Zero Trust: Kunci Utama untuk Melindungi Sistem Bisnis dari Ancaman Cyber yang Tak Terduga

Zero Trust: Kunci Utama untuk Melindungi Sistem Bisnis dari Ancaman Cyber yang Tak Terduga
  1. Verifikasi secara Eksplisit (Verify Explicitly)
    Setiap akses ke sumber daya (resource) jaringan harus dibuktikan dengan mempertimbangkan berbagai faktor, seperti identitas pengguna, lokasi, kesehatan perangkat, layanan atau beban kerja, klasifikasi data, dan anomali yang terdeteksi. Sehingga, verifikasi keamanan tidak hanya dilakukan saat otorisasi pertama kali, namun kita harus menganalisis risiko dan memvalidasi akses dari setiap perangkat secar terus-menerus.
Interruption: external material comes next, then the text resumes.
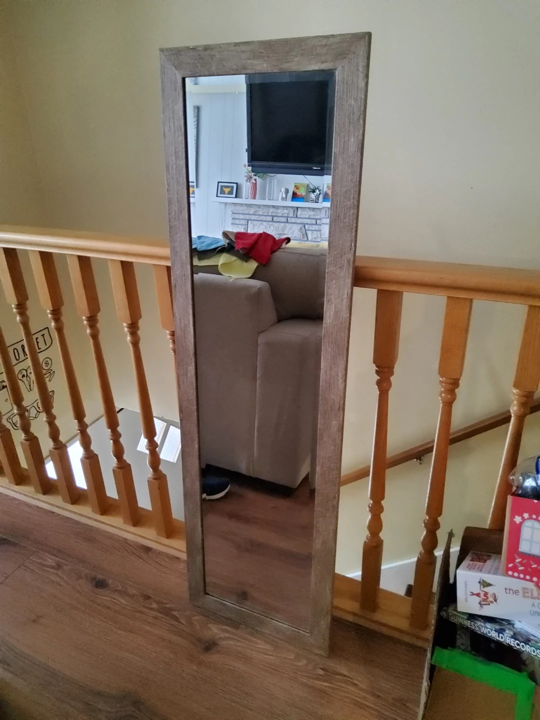Selling a full length mirror with a rustic-style wood frame
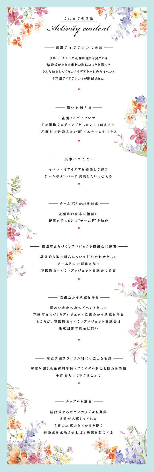 また、ぜひ結婚式をやりたいという2組の素敵な新郎新婦、河原学園の学生さん、花園町通りの活性化の為にもぜひ成功させたいと思います!

  2. Berikan Hak Akses Seminimum Mungkin (Least-Privilege Access)
    Pendekatan ini mengurangi risiko keamanan dengan membatasi akses pengguna hanya pada sumber daya (resource) yang mereka butuhkan untuk melakukan tugas tertentu.
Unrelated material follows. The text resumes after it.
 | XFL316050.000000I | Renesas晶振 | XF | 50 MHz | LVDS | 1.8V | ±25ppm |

    Dalam Zero Trust, perlindungan data dan penerapan kebijakan berbasis risiko yang adaptif menjadi fokus utama untuk menjamin keamanan data setiap saat.
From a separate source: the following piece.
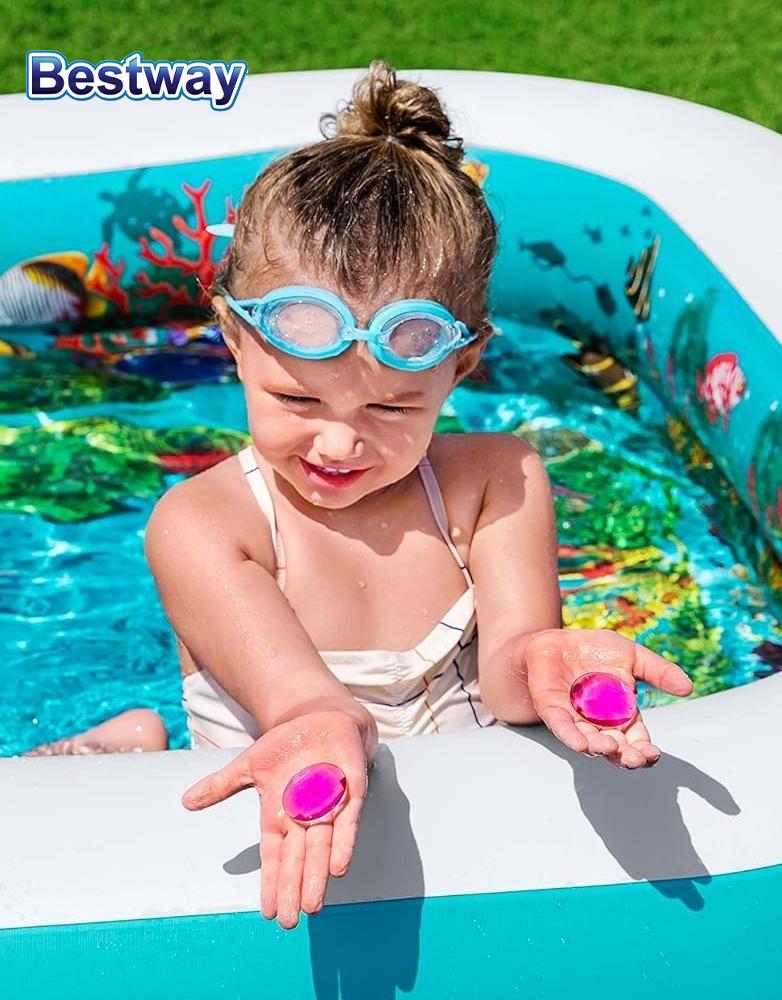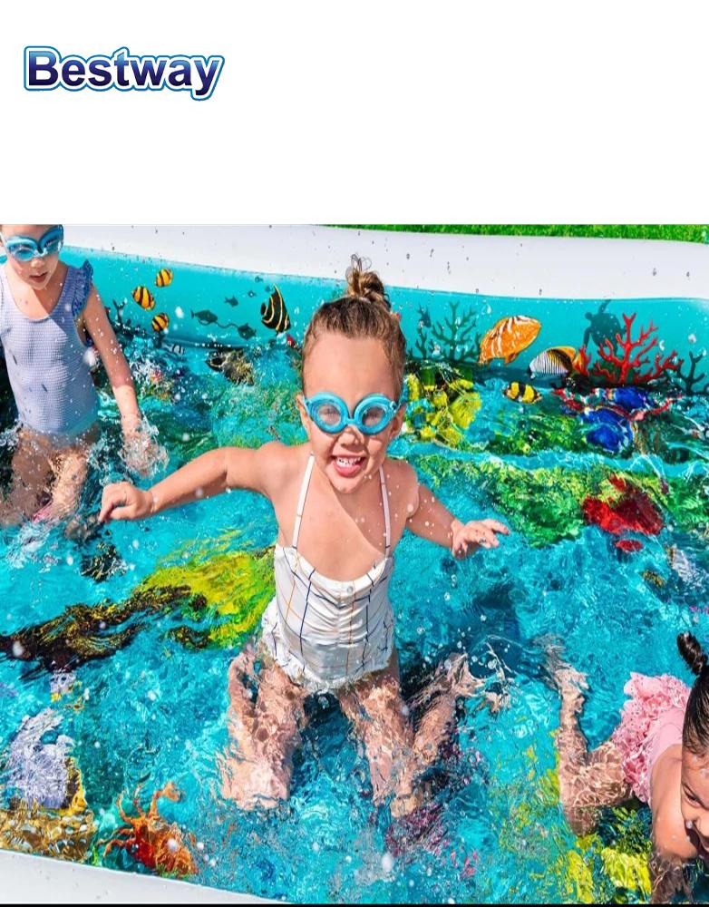- تجربة ثلاثية الأبعاد فريدة: يأتي المسبح مع نظارتين غطس ثلاثي الأبعاد تسمحان للأطفال برؤية رسومات قاع البحر وكأنها تنبض بالحياة.

  3. Asumsikan Serangan Terjadi Kapan Saja (Assume Breach)
    Asumsikan serangan keamanan bisa terjadi kapan saja. Oleh karena itu, penting untuk meminimalkan dampak serangan (blast radius) dan memisahkan akses yang tepat. Maka dari itu, kemampuan enkripsi end-to-end harus terus diverifikasi, dan kemampuan analitik harus digunakan untuk meningkatkan visibilitas, mendeteksi ancaman, dan menguatkan tingkat keamanan sistem.
  1. Identitas
    Dalam konteks identitas, Zero Trust diimplementasikan di saat suatu identitas mengakses data dan resource penting dalam infrastruktur IT dan cloud sebuah bisnis. Protokol Zero Trust memastikan setiap identitas memiliki autentikasi yang kuat, akses yang sesuai dengan identitas dengan hak akses seminimal mungkin.

  2. Endpoint
    Setelah identitas diberikan akses ke resource, data dapat berpindah ke berbagai endpoint yang berbeda—mulai dari perangkat IoT hingga smartphone. Kebijakan Zero Trust dalam konteks endpoint sangat bervariatif dan bergantung pada kebijakan yang ada di sebuah perusahaan. Baik itu kebijakan Bring Your Own Device (BYOD), perangkat milik mitra/perusahaan, hingga beban kerja lokal ke server maupun beban kerja yang di-hosting cloud. Keragaman kebijakan ini menciptakan area rentan serangan yang luas. 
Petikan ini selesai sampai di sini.